Terakhir adalah berapa nilai SiLPA dan SILPA yang dianggarkan pada APBD maupun APBD Perubahan. Lampiran III Kebijakan Penyusunan APBD, angka 3 Pembiayaan Daerah, huruf c Sisa Lebih Pembiayaan (SILPA) Tahun Berjalan, Peraturan Menteri Dalam Negeri Nomor 27 Tahun 2013 tentang Pedoman Penyusunan APBD Tahun Anggaran 2014, telah memberi pedoman kepada pemerintah daerah melaui TAPD (Tim Anggaran Pemerintah Daerah) maupun Badan Anggaran DPRD, bahwa SiLPA maupun SILPA ditetapkan sebagai berikut: (1) Pemerintah daerah menetapkan Sisa Lebih Pembiayaan (SILPA) Tahun Anggaran 2014 bersaldo nihil; (2) Dalam hal perhitungan penyusunan Rancangan APBD menghasilkan SILPA Tahun Berjalan positif, pemerintah daerah harus memanfaatkannya untuk penambahan program dan kegiatan prioritas yang dibutuhkan, volume program dan kegiatan yang telah dianggarkan, dan/atau pengeluaran pembiayaan (vide pasal 28 ayat (3) Peraturan Pemerintah Nomor 58 Tahun 2005 tentang Pengelolaan Keuangan Daerah, jo pasal 60 ayat (2) Peraturan Menteri Dalam Negeri Nomor 13 Tahun 2006 tentang Pedoman Pengelolaan Keuangan Daerah sebagaimana diubah terakhir dengan Peraturan Menteri Dalam Negeri Nomor 21 Tahun 2011, pembentukan dana cadangan; penyertaan modal pemerintah daerah; pembayaran pokok utang; dan pemberian pinjaman); (3) Dalam hal perhitungan SILPA Tahun Berjalan negatif, pemerintah daerah melakukan pengurangan bahkan penghapusan pengeluaran pembiayaan yang bukan merupakan kewajiban daerah, pengurangan program dan kegiatan yang kurang prioritas dan/atau pengurangan volume program dan kegiatannya”.

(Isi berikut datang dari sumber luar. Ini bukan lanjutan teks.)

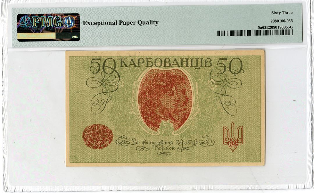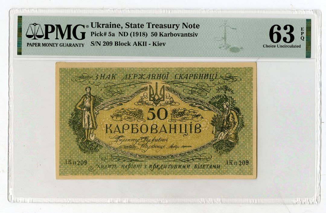 Ukraine. ND (1918). 50 Karbovantsiv, P-5a, Issued banknote, Green on olive underprint, S/N 209 Block AKII - Kiev, PMG graded Choice Uncirculated 63 EPQ. Tied with one other note as highest graded out of 5 graded in the PMG census.

Page 4: ARTIKRL KEUANGAN.doc

Dari pembahasan tersebut di atas, banyaklah pemerintah daerah dalam membentuk APBD (Induk) menganggarkan SiLPA/SILPA (Induk) bernilai 0 (nol) atau nihil (tanpa nilai rupiah), dengan alasan dan pertimbangan dalam APBD (Induk) tidak merencanakan terjadinya selisih antara realisasi penerimaan dengan realisasi pengeluaran, dan menetapakan antara anggaran dan belanja dalam anggaran berimbang. Demikian pula alasan dan pertimbangan beberapa pemerintah daerah bahwa nilai SiLPA/SILPA (Induk) masih dalam besaran sementara, dan masih menunggu nilai riil (SiLPA/SILPA) hasil pemeriksaan Tim BPK-RI atas LKPD (Laporan Keuangan Pemerintah Daerah), dan selanjutnya menetapkannya dalam APBD (Perubahan).